Démolition des navires

Après l’affaire du porte-avions Clemenceau, Robin des Bois a voulu y voir clair dans le monde de la démolition et du recyclage des vieux navires de commerce et militaires en fin de vie. A cet effet, un bulletin trimestriel d’information et d’analyses a été mis en chantier et lancé en 2006. Chaque numéro de « A la casse », « Shipbreaking » en version anglaise, est un tour du monde des meilleures techniques disponibles et beaucoup plus nombreuses des pires techniques disponibles. Un gros succès éditorial épluché par les spécialistes du monde entier. Dans « A la Casse » bat le pouls de la mondialisation.

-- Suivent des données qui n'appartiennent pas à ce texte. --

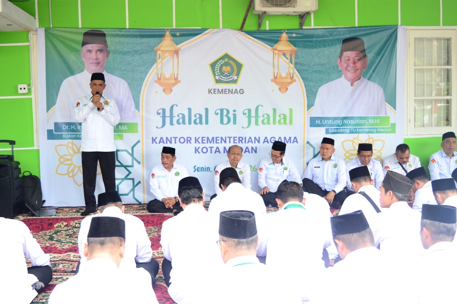 Medan (Humas) – Kantor Kementerian Agama Kota Medan menggelar kegiatan Halal Bihalal sebagai upaya mempererat ukhuwah Islamiyah dan silaturahmi antar Aparatur Sipil Negara. Kegiatan ini berlangsung dengan penuh kekhidmatan dan suasana kekeluargaan. Undangan resmi telah disampaikan kepada seluruh jajaran di lingkungan Kementerian Agama Kota Medan. Acara ini menjadi momentum penting pasca Hari Raya Idulfitri. Seluruh peserta tampak antusias mengikuti rangkaian kegiatan. Kepala MIN 5 Medan, Sri Darmawati, S.Pd., turut menghadiri langsung kegiatan tersebut.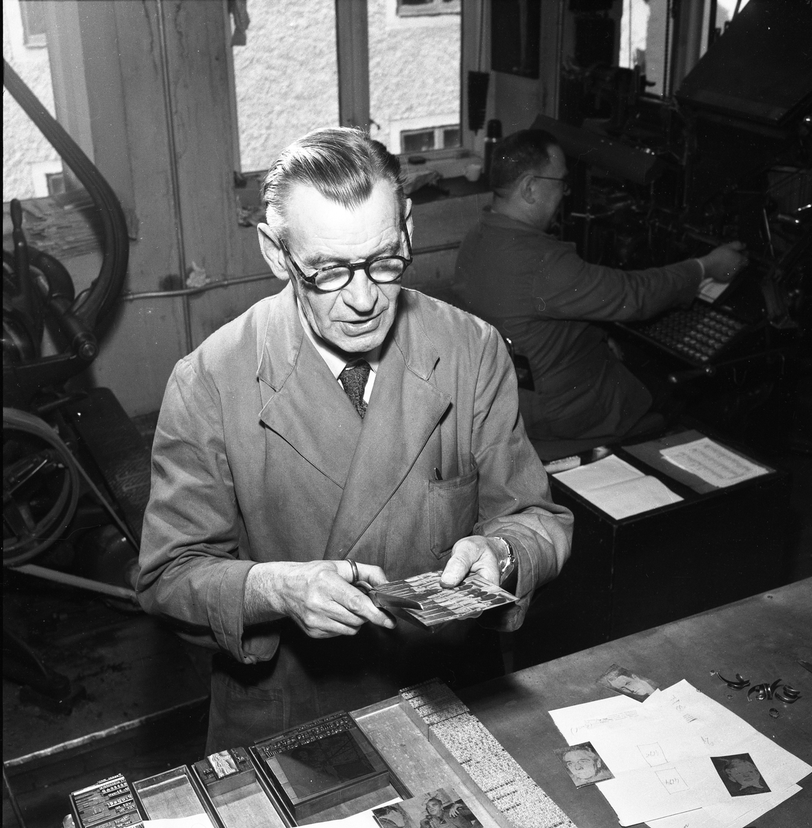 Två män, båda i skyddsrock, arbetar på var sin arbetsplats. Mannen närmast kameran är möjligen sättare. Han har en sax i handen. På bordet, framför honom, ligger några porträttbilder. Mannen i bakgrunden arbetar vid en maskin.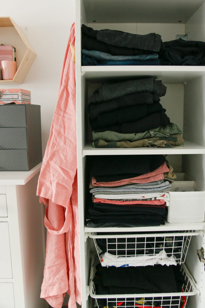 W tym miejscu, jak sądzę, wypadałoby stwierdzić, że fajnie jest ze mną dzielić sypialnię. Bo nie tylko w plecy podrapie i ukocha ta żona, ale jeszcze gacie człowiekowi zorganizuje i pomoże skarpetki sparować. Słowa te, rzecz jasna, na żadnym etapie porządków nie padły, co nie zmienia faktu, że jestem z siebie całkiem dumna. Bo taką stajnię Augiasza w trzy godziny rozpykać, to ja mówię Wam – łatwo nie było. Co i jak tu sobie zorganizowaliśmy – o tym poniżej. Spisałam, co wiedziałam na temat przechowywania w małej sypialni – nie tylko ubrań, ale i innych skarbów.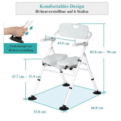 Vielseitiger, verstellbarer und komfortabler Duschsitz: Dieser Duschstuhl ist speziell für Erwachsene konzipiert und verfügt über Armlehnen und Rückenlehne sowie eine verstellbare Höhe, um den Bedürfnissen verschiedener Senioren gerecht zu werden für Erwachsene.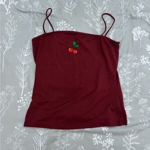 Classic spaghetti-strap cami in deep burgundy with a small cherry embroidery at the chest. Lightweight, soft fabric for comfortable everyday wear. Slim, flattering cut that layers easily under jackets or cardigans. Burgundy hue adds a warm, versatile touch to outfits.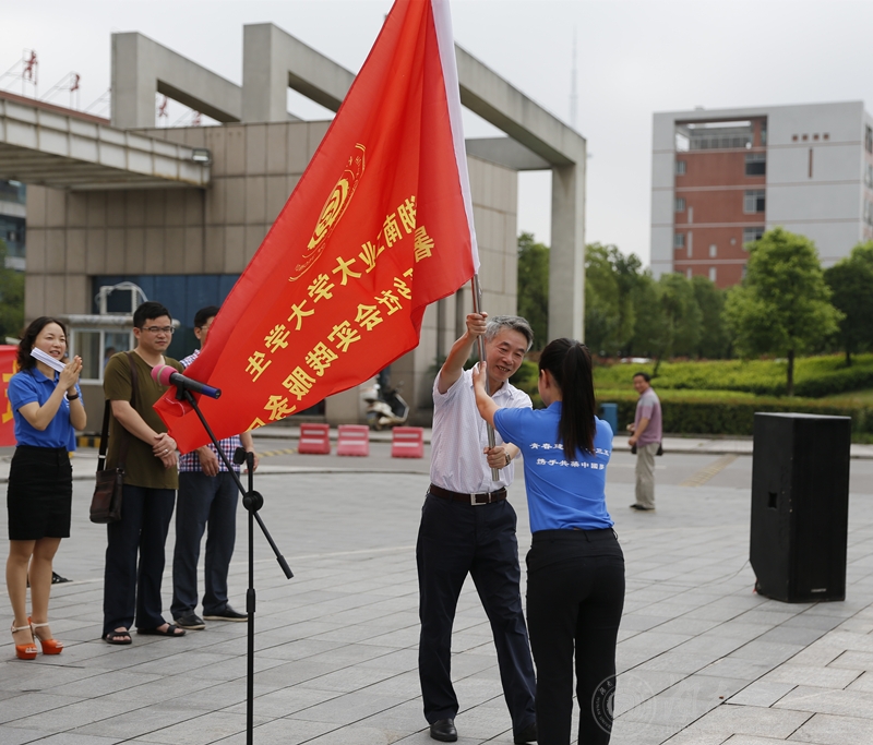 校党委副书记韩清波为“三下乡”志愿者队伍授旗并宣布本次暑期“三下乡”社会实践活动正式启动。
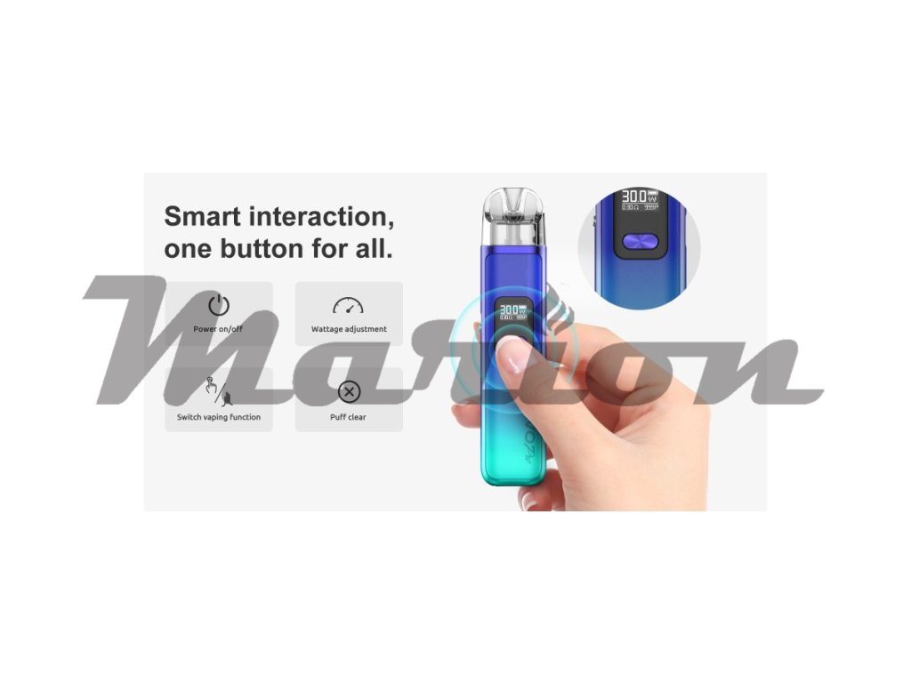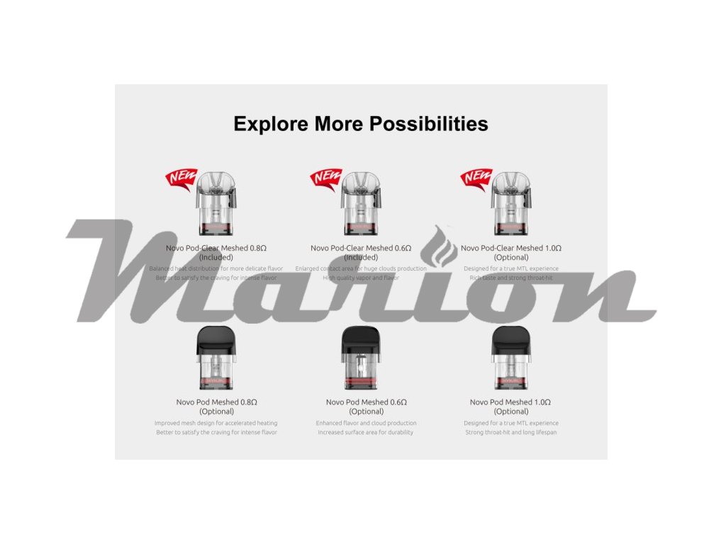 Smoktech NOVO Pro je vysoce výkonná řada elektronických cigaret s poutavým vzhledem a profesionálními funkcemi. Baterie s integrovaným monočlánkem o kapacitě 1300mAh nabízí dva aktivační režimy pro flexibilnější způsob vapování. Přehledný 0,42 palcový OLED displej zobrazuje veškeré potřebné informace o nastavení včetně výstupního výkonu, který dosahuje až 30W. Cartridge Novo Clear s vrchním plněním o objemu 3ml se představují ve verzi Mesh o odporu 0,6ohm a 0,8ohm. Tyto cartridge jsou plně kompatibilní s cartridgemi Novo 2. Postranní airflow je regulován pomocí speciální páčky, která vám umožní si vzduch nastavit přesně podle Vaší chuti.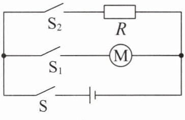 6. (2024·福建中考)小闽设计的车载可加热果蔬搅拌机的工作电路如图所示。电热丝的阻值$R为4\ \Omega$,电动机标有“$12\ V\ \ 24\ W$”字样。闭合开关$S$、$S_{1}$,电动机正常工作。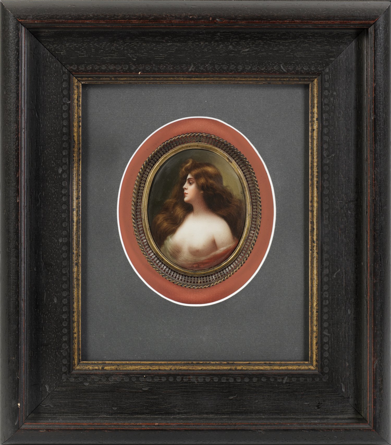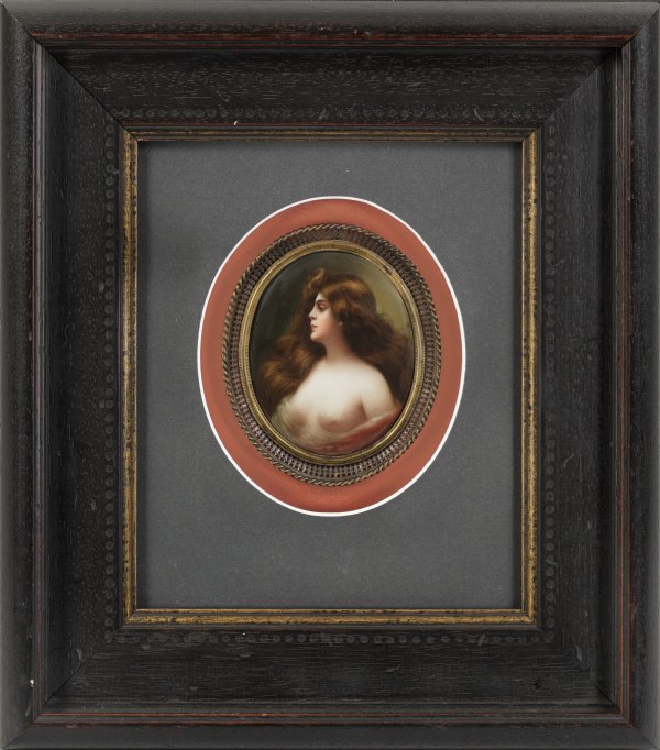 Porzellangemälde Ovale Bildplatte. Porträt einer jungen Dame im Halbakt mit voluminösen, braunen, langen Haaren. Um den Oberkörper lediglich ein locker fallendes, durchsichtig weißes und rotes Tuch gelegt. Nach dem Gemälde "Erbluth" von Angelo Asti (1847-1903) in feiner polychromer Malerei. Undeutlich signiert. Bildplatte mit fein durchbrochen gearbeitetem, ornamentiertem Messingrahmen über ochsenblutrotem Papierkarton befestigt, umgeben von schwarzem Passepartout hinter Glas und dunkelbraunem, breitem Rahmen. Bildplatte ca. 8 cm x 7 cm. Holzrahmen 29,2 cm x 26,2 cm.

Bulletin « A la Casse » n°2

2 mars 2006

Robin des Bois poursuit son travail d’investigation et de compilation sur l’actualité des navires en fin de vie. Le tonnage souligné correspond au poids de chaque unité hors cargaison, tel qu‘elle se présente au chantier de démolition, le plus souvent par ses propres moyens, c’est à dire sans remorquage. 90% de ce poids correspond à des métaux ferreux ou non ferreux recyclables. Les 10% restants correspondent en majorité à des accessoires, équipements et mobiliers susceptibles de réemploi ; le solde correspond à des déchets : déchets d’équipement électrique et électronique, plastiques, amiantes, mousse de polyuréthane, déchets et dépôts d’exploitation… Aucun des navires cités n’a subi de décontamination préalable. Compte tenu des années de construction et de maintenance, ils contiennent tous de l’amiante, des PCB, et des peintures toxiques. Les principaux déchets d’exploitation sont les boues d’hydrocarbures et les eaux polluées. Quand des utilisations particulièrement importantes de matériaux ou accessoires à risques sont suspectées dans la construction, de même que des déchets spécifiques correspondant à l’usage, le profil de chaque navire le mentionne. Le dossier  » Navires en fin de vie  » présenté à Cherbourg lors d’une conférence de presse en date du 22 février 2006 est disponible sur le site www.robindesbois.org dans la rubrique  » Dossiers « .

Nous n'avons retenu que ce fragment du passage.